In the material below, find the line with "Cobalt Blue Banarasi" and the line with "Then I spent", then output both and every line between them exactly, omitting pictures.

__Given information__:
▬▬▬
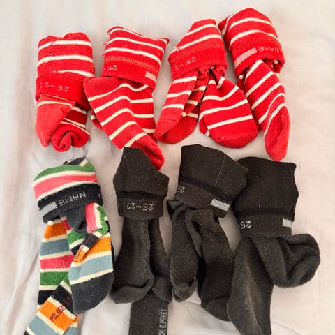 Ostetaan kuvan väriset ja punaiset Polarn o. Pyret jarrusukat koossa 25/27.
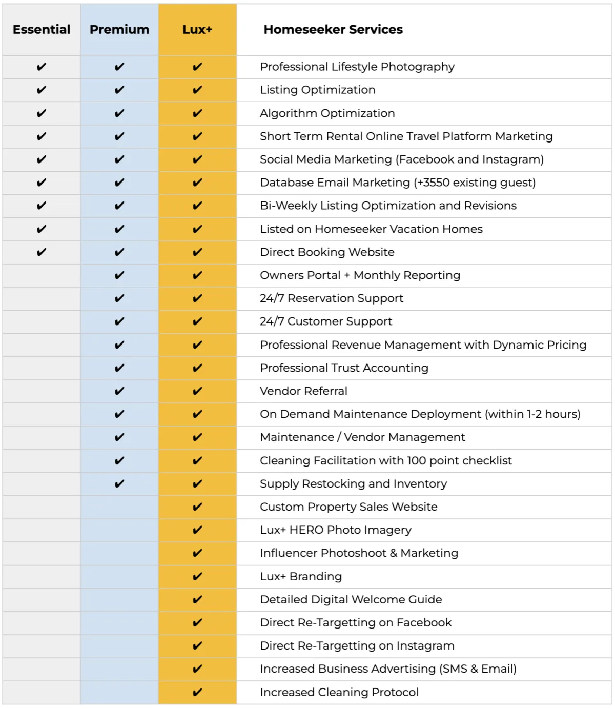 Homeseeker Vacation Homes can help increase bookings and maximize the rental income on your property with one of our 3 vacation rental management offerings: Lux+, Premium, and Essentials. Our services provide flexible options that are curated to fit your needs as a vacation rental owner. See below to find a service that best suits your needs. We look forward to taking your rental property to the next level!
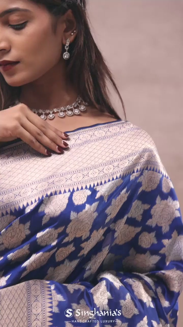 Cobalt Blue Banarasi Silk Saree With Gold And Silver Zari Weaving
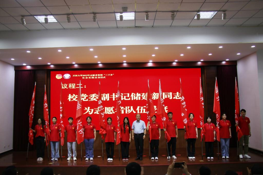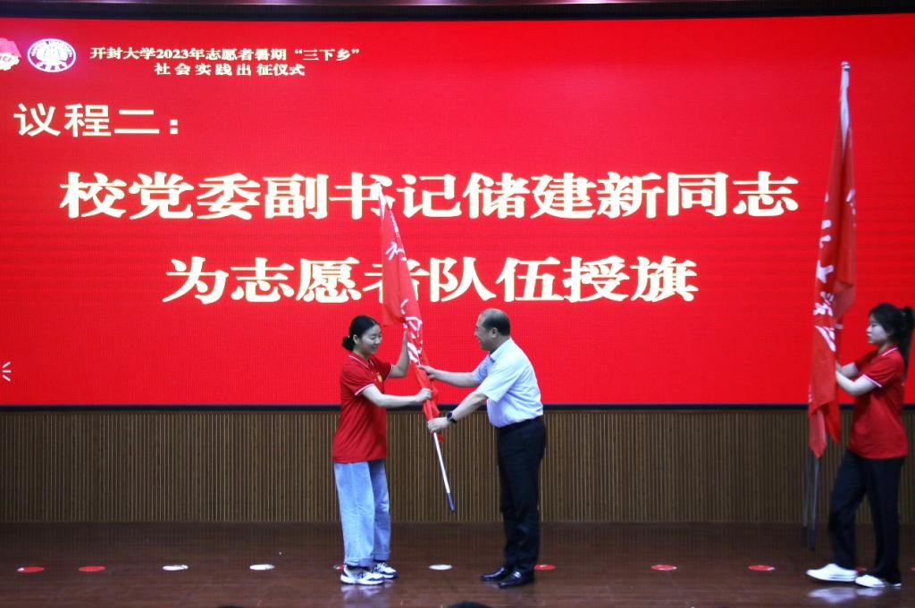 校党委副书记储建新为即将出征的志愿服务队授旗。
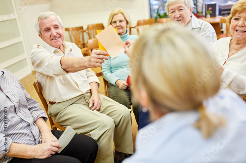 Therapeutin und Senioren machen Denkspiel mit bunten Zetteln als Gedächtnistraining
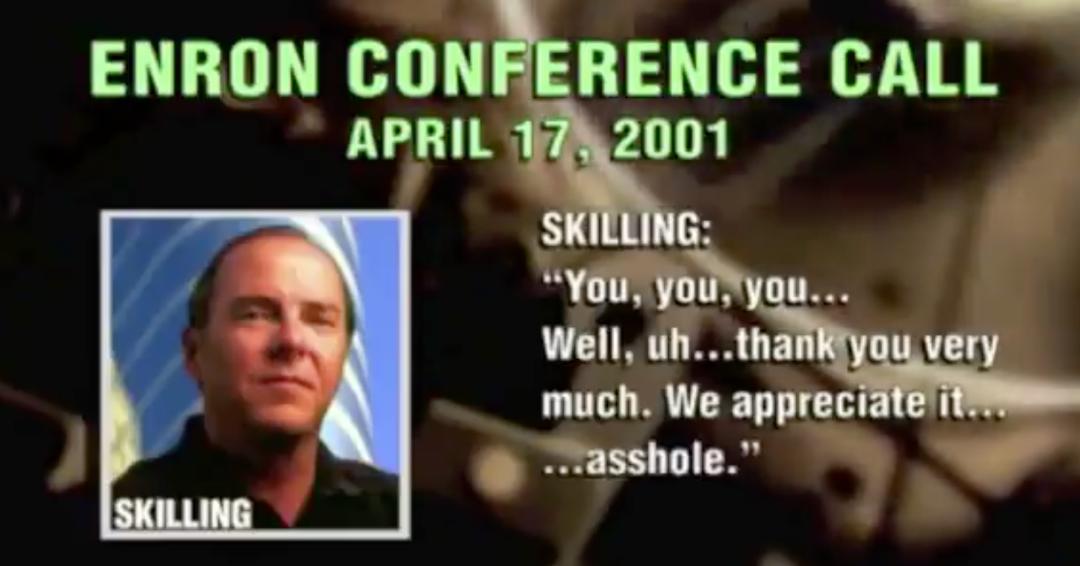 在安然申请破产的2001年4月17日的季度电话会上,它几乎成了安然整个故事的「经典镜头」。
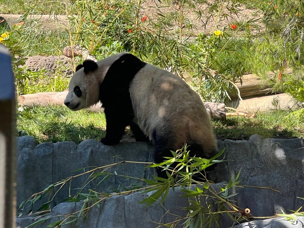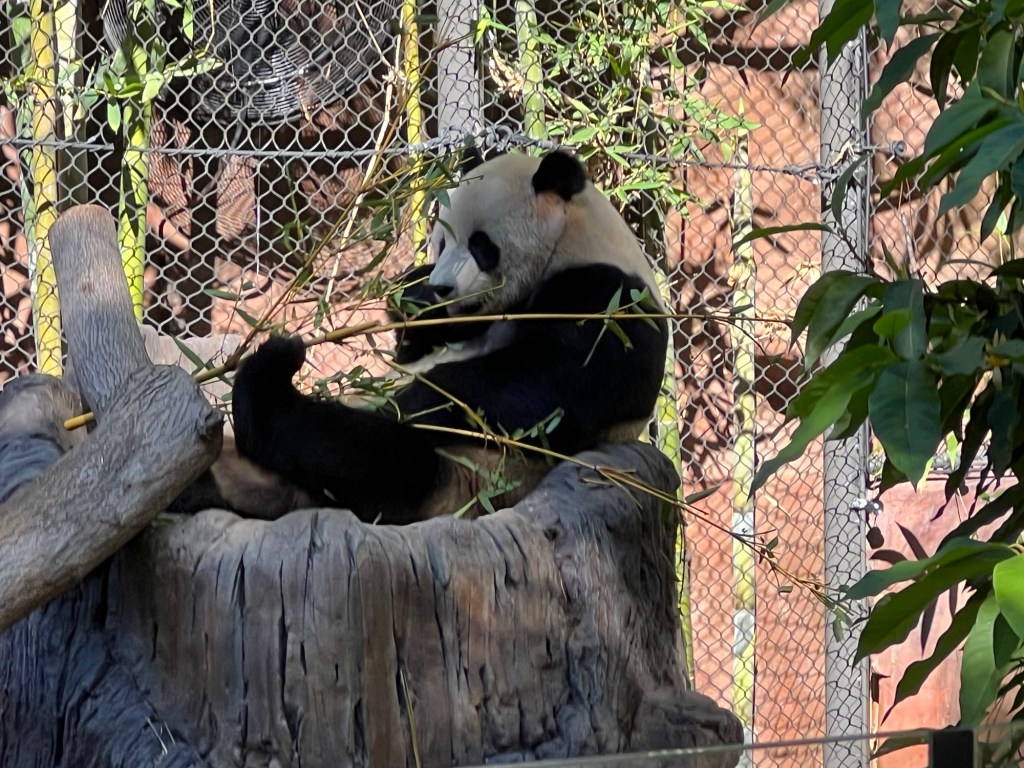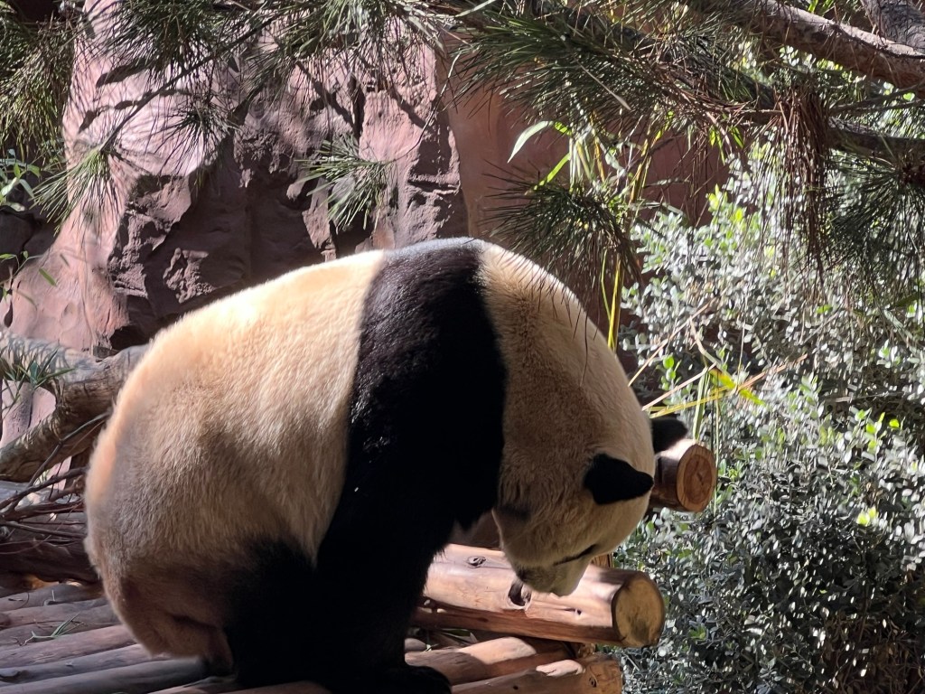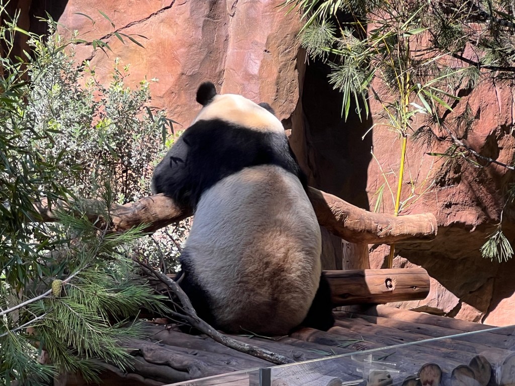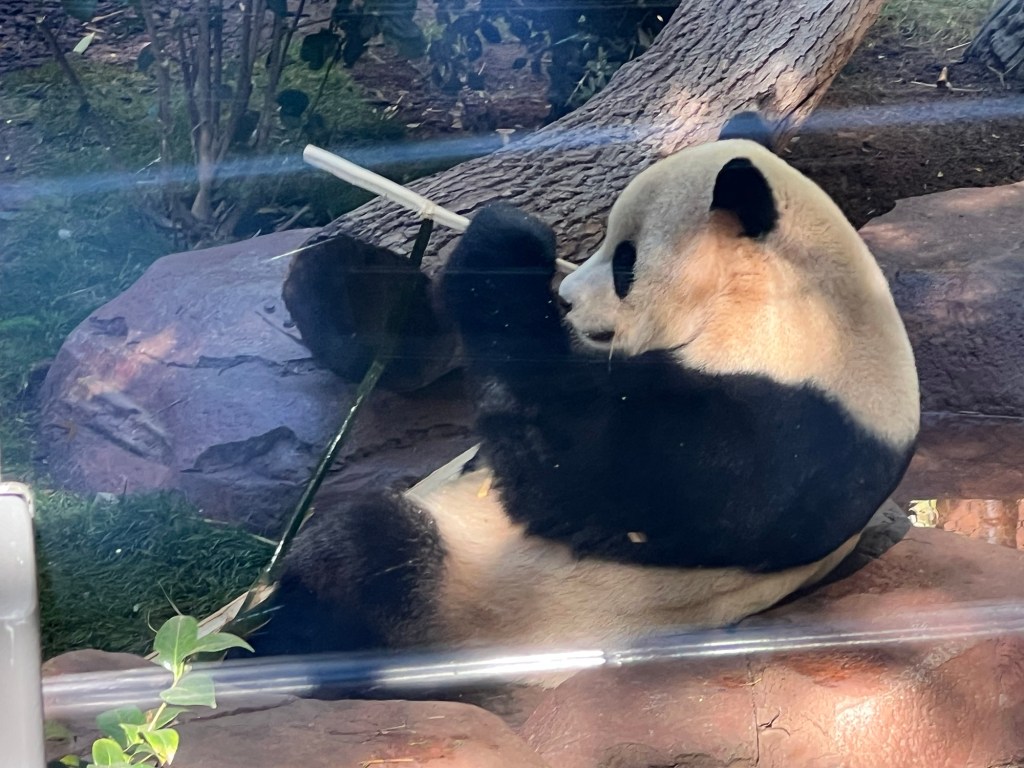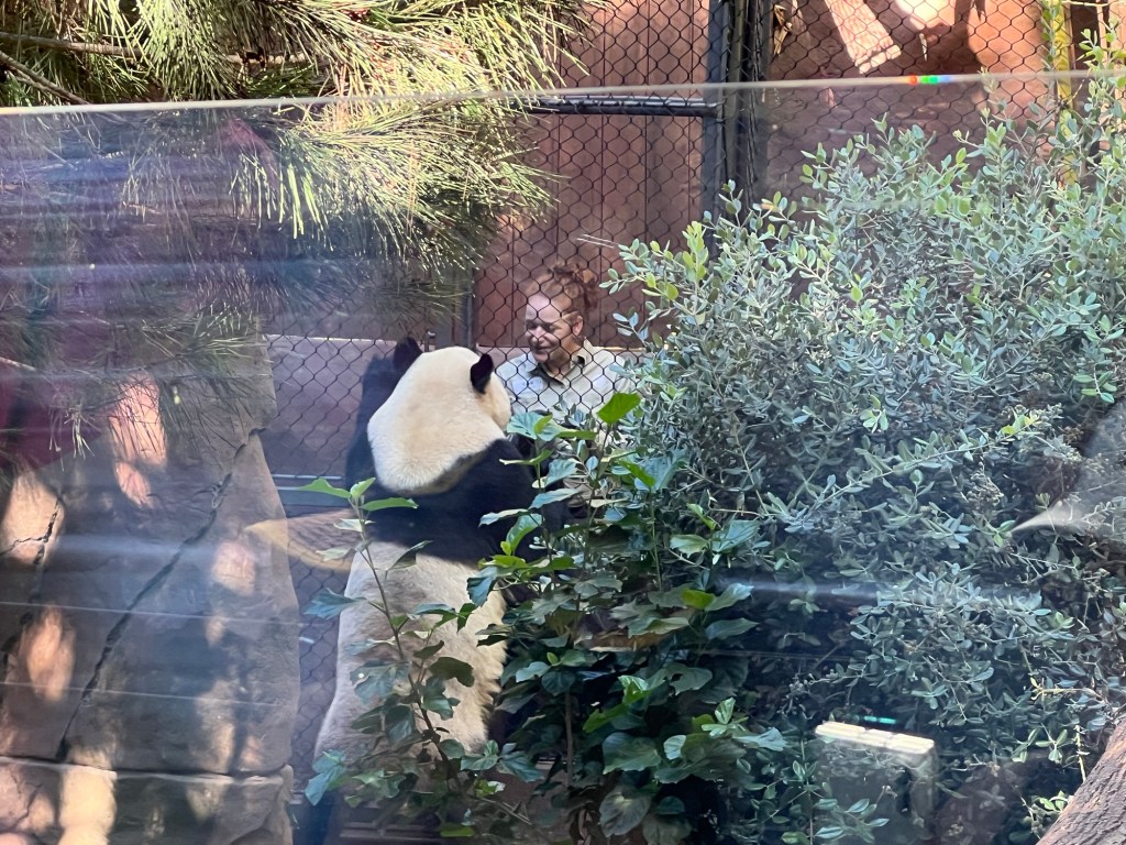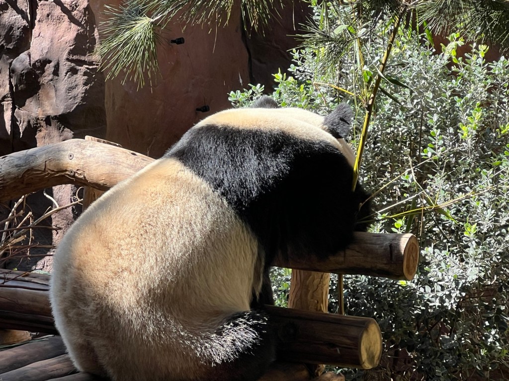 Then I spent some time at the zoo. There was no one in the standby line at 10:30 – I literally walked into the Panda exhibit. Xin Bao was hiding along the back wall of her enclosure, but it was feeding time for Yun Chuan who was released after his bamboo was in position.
▬▬▬
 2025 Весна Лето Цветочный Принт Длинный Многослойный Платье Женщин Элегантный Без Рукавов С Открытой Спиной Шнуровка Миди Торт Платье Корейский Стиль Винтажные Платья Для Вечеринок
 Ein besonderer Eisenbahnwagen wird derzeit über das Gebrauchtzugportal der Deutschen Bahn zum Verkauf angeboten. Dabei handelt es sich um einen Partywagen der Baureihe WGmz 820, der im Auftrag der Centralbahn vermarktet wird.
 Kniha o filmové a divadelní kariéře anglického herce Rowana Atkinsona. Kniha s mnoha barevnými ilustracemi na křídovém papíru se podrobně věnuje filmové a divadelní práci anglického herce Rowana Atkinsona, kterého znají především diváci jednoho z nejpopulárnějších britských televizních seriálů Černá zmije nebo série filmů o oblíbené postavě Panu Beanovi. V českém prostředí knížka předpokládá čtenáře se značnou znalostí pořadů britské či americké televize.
▬▬▬
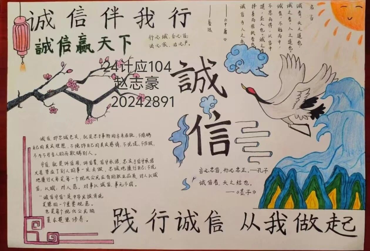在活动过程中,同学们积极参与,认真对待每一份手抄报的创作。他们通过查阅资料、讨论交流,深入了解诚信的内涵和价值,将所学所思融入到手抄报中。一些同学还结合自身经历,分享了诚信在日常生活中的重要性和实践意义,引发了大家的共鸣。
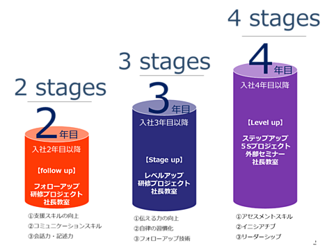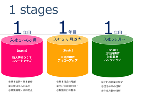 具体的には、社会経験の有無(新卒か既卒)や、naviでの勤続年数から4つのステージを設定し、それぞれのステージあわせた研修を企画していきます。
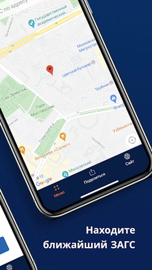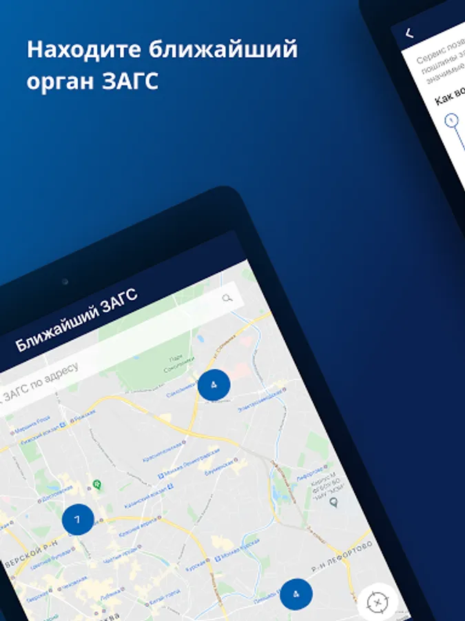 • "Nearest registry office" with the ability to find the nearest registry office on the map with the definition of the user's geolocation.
▬▬▬
__Completed task__:
 Cobalt Blue Banarasi Silk Saree With Gold And Silver Zari Weaving
 校党委副书记储建新为即将出征的志愿服务队授旗。
 Therapeutin und Senioren machen Denkspiel mit bunten Zetteln als Gedächtnistraining
 在安然申请破产的2001年4月17日的季度电话会上,它几乎成了安然整个故事的「经典镜头」。
 Then I spent some time at the zoo. There was no one in the standby line at 10:30 – I literally walked into the Panda exhibit. Xin Bao was hiding along the back wall of her enclosure, but it was feeding time for Yun Chuan who was released after his bamboo was in position.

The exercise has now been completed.